Orange Country
(Or, Don't Hate Me Because I'm Right)

Kristine Fonacier is a music writer and a music geek. She was founding music editor of Pulp magazine and the founding editor in chief of MTV Ink.

Name:
Location: Philippines

01 January 2002

INVINCIBLE, Michael Jackson/ GREATEST HITS VOL.2, Madonna

MICHAEL JACKSON
Invincible
(Epic)

RATING: two and a half


MADONNA
Greatest Hits Vol.2
(Maverick)

RATING: four



Imagine how it would be for people in the distant future, Douglas Coupland once tongue-in-cheek posited, if they only had preserved entertainment magazines to tell us of the late 20th century. Ours would seem like such a strange world—ruled by a king named Michael Jackson who lived in Neverland and raised llamas, and a queen named Madonna who ate men for breakfast and would change into a new person every three years or so.

And the music? What about the music? When all is said and done, would anybody remember that King Michael Jackson was responsible for Thriller, the best-selling album in all of history? Would anybody remember “Beat It,” “Bad,” or “Billie Jean”? Or that Madonna would be responsible for such genre-definitive albums as Madonna, Like a Virgin, or Ray of Light?

Don’t be surprised if the image lasts longer than the music. Madonna has never made a secret of her media savvy, and her romance with the public eye has less to do with her music than who she is. Michael Jackson hasn’t put out anything impressive in a decade, will likely never again live up to the promise of Thriller, and looks all but doomed to be a ridiculous caricature of fame.

Jackson’s latest, Invincible, does nothing but confirm the once-Invincible pop star’s slide into irrelevance. Working with a slew of collaborators, Invincible is a 16-song confusion that offers no personality, no great hooks, no memorable songwriting, not even an identity. The songs here are no better than mediocre pop and R&B pieces that are only burdened by all the things that the producers tried to cram into each song.

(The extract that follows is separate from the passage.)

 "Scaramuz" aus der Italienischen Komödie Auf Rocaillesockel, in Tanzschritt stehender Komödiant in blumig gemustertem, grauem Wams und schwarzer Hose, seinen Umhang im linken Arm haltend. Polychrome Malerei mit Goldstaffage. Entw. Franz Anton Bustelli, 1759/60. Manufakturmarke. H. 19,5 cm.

The muddle that is the title track would tell you how chaotic the entire effort is. Opening with ominous industrial sounds that quickly degenerate into a weak pop beat, Michael’s vocals sound desperate and strained, and the music never really gets going. There’s a lot of weird background sounds that keep popping up—maybe someone’s idea of “texture”—but it all sounds out of place, and the entire song never quite falls into rhythm. There’s even a rap solo performed by someone called “Fats” that rears up in the middle of the track, but the song will be over before you figure out what it’s doing there in the first place.

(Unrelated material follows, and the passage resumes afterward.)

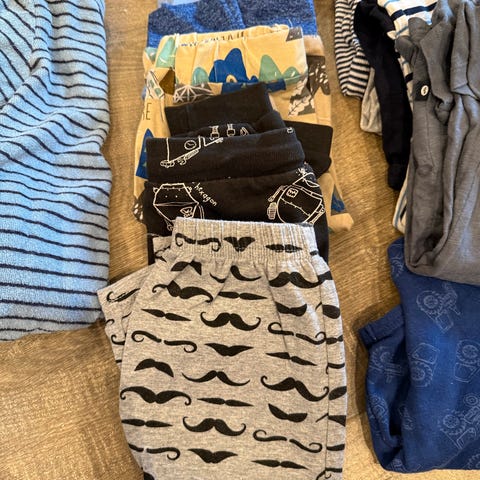 Klespakke til gutt i str 74 selges. Alt er kjøpt nytt av oss og er lite brukt av ett barn. Ingen synlige merker eller slitasjer. Klespakken inneholder merkene: Name it: 2 bukser og 1 body. Hust and Claire: 1 strømpebukse, 1 bukse og 1 body. Kommer fra et røykefritt og dyrefritt hjem.

This stumbling pace continues throughout the album, with such perplexing tracks as pseudo-futuristic “2000 Watts,” which sounds like a bad pastiche of his sister Janet’s “Rhythm Nation.” Then there’s “Butterflies,” which sounds like Michael trying to do—you guessed it!—a Mariah Carey. As if that wasn’t bad enough, there’s the stomach-turning “You Rock My World,” which is as horrible as its title suggests. It kicks off with spoken intro featuring annoying not-so-funnyman Chris Tucker engaging in some streetside babe-watching with Michael: “That girl is fine, that girl too fine! And she knows she fine, too,” babbles Chris Tucker in that deeply irritating way that he does. But irritating gives way to nauseating when Michael tries his hand at it, unconvincingly professing his love of booty: “She is banging. She looks good, you’re right.” It’s scary.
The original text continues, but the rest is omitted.